Retrying Counterexample for Part (d)

Let's try another set configuration,Let \( A = \{1, 2\}, \ B = \{3\}, \ C = \{1\}, \ D = \{2\} \).- \( (A \cup B) = \{1, 2, 3\}, \ (C \cup D) = \{1, 2\} \).- \( (A \cup B) \oplus (C \cup D) = \{3\} \).- \( (A \cup C) = \{1, 2\}, \ (B \cup D) = \{2, 3\} \).- \( (A \cup C) \oplus (B \cup D) = \{1, 3\} \).Now, \(\{3\} subseteq \{1, 3\}\). Thus, the conjecture is false.

Key concepts

Symmetric Difference

Symmetric difference between two sets, denoted as \( A \oplus B \), is a relatively straightforward concept but can lead to powerful results in set theory. It represents the set of elements that are in either \( A \) or \( B \) but not in both. In simpler terms, it's like taking the union of two sets and then removing their intersection.

This notion can be viewed formulaically as \( A \oplus B = (A - B) \cup (B - A) \). Here, the subtraction \( A - B \) stands for elements in \( A \) but not in \( B \), and vice versa for \( B - A \).

In a practical sense, consider sets \( A \) and \( B \) as two distinct groups of objects. The symmetric difference would then only contain items that belong exclusively to one group, essentially filtering out the commonalities. By understanding this, you can resolve several complex set theory problems more efficiently.

Intersection and Union

In set theory, intersection and union are two foundational operations that help establish relationships between sets.

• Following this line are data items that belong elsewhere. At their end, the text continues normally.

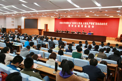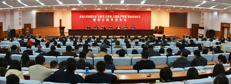 为进一步健全“党委领导、行政负责、党政同责、一岗双责”的大安全工作格局和强有力的安全督导督查体系,3月12日下午,学校在第一学术报告厅举行了校园安全“大教育、大普查、大整治、严管理”活动启动仪式暨安全教育报告会。学校安全工作委员会全体成员、全体学生工作人员、部分班主任代表和各部门各单位安全员300余人参加了会议。会议由副校长、安全工作委员会副主任王志主持。
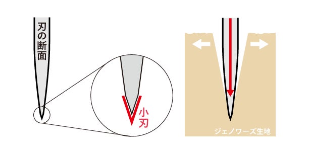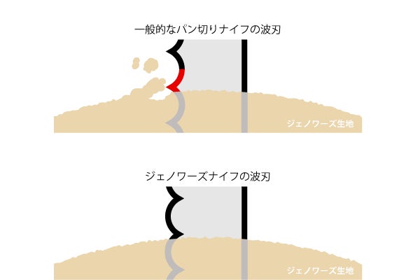 山なりの丸い形が連続する形の波刃で、繊細なジェノワーズ生地をひっかけることなくスムーズにスライスできます。一般的なパン切りナイフは、鋭い形の波刃で力強く食材に切り込みますが、このジェノワーズナイフは抵抗が少なく柔らかなケーキ生地を傷つけないようにカットできます。
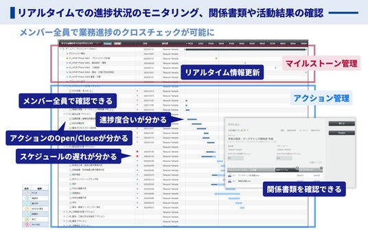 メンバー全員でマイルストーンや、タスク・アクションのワークフローを管理できる
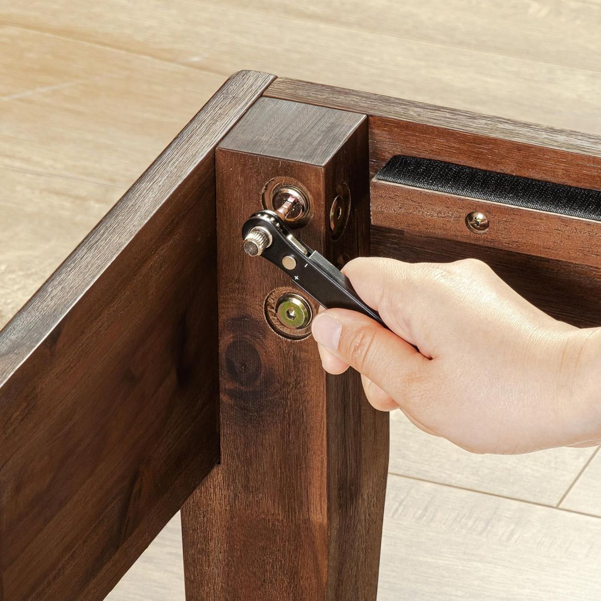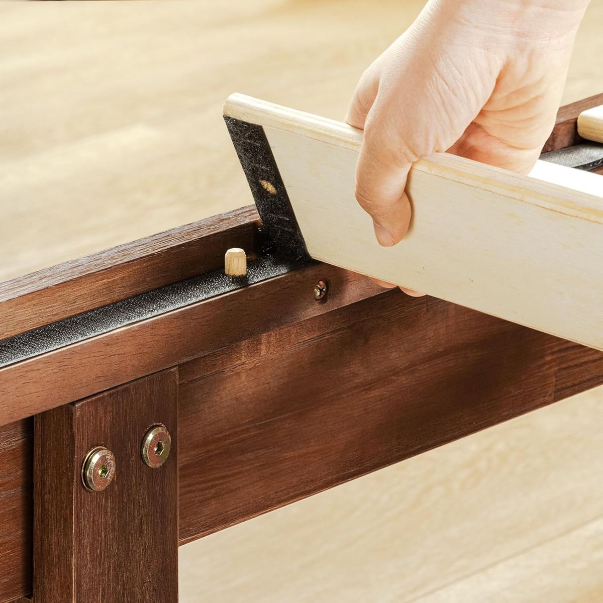 Noise-free construction with non-slip tape on the wooden slats for stability

**Intersection**: The intersection of two sets \( A \cap B \) consists of elements that are present in both sets. If you imagine sets as overlapping circles in a Venn diagram, the intersection represents the overlapping area.

**Union**: The union, denoted \( A \cup B \), includes every element from both sets. It's akin to bringing together all members of two groups into a single, larger group.

Both operations serve distinct purposes:

• Use intersections when you're interested in common properties or shared members between sets.
• Use unions when you need to combine sets entirely, preserving every element's presence.

Hence, the roles of intersection and union must be clearly distinguished, as they often act as the building blocks for more complex expressions, like symmetric differences and their related proofs.

Propositional Logic

Propositional logic forms the basis for reasoning in set theory and much of discrete math. Here, logical expressions resemble propositions, statements that are either true or false.

For instance, the logical expression \( A \cap (B \oplus C) = (A \cap B) \oplus (A \cap C) \) is propositionally equivalent, meaning it holds true under any interpretation of sets \( A \), \( B \), and \( C \). This equivalency was proven via step-by-step verification.

Counterexamples are helpful when demonstrating the falsity of certain conjectures. In these cases, rather than proving truth across all examples, you show just one situation where the conjecture doesn’t apply.

By understanding and applying principles of propositional logic, you can more robustly analyze and develop arguments related to set expressions, much like an abstract form of logical checks that pertain to various fields in mathematics and computer science.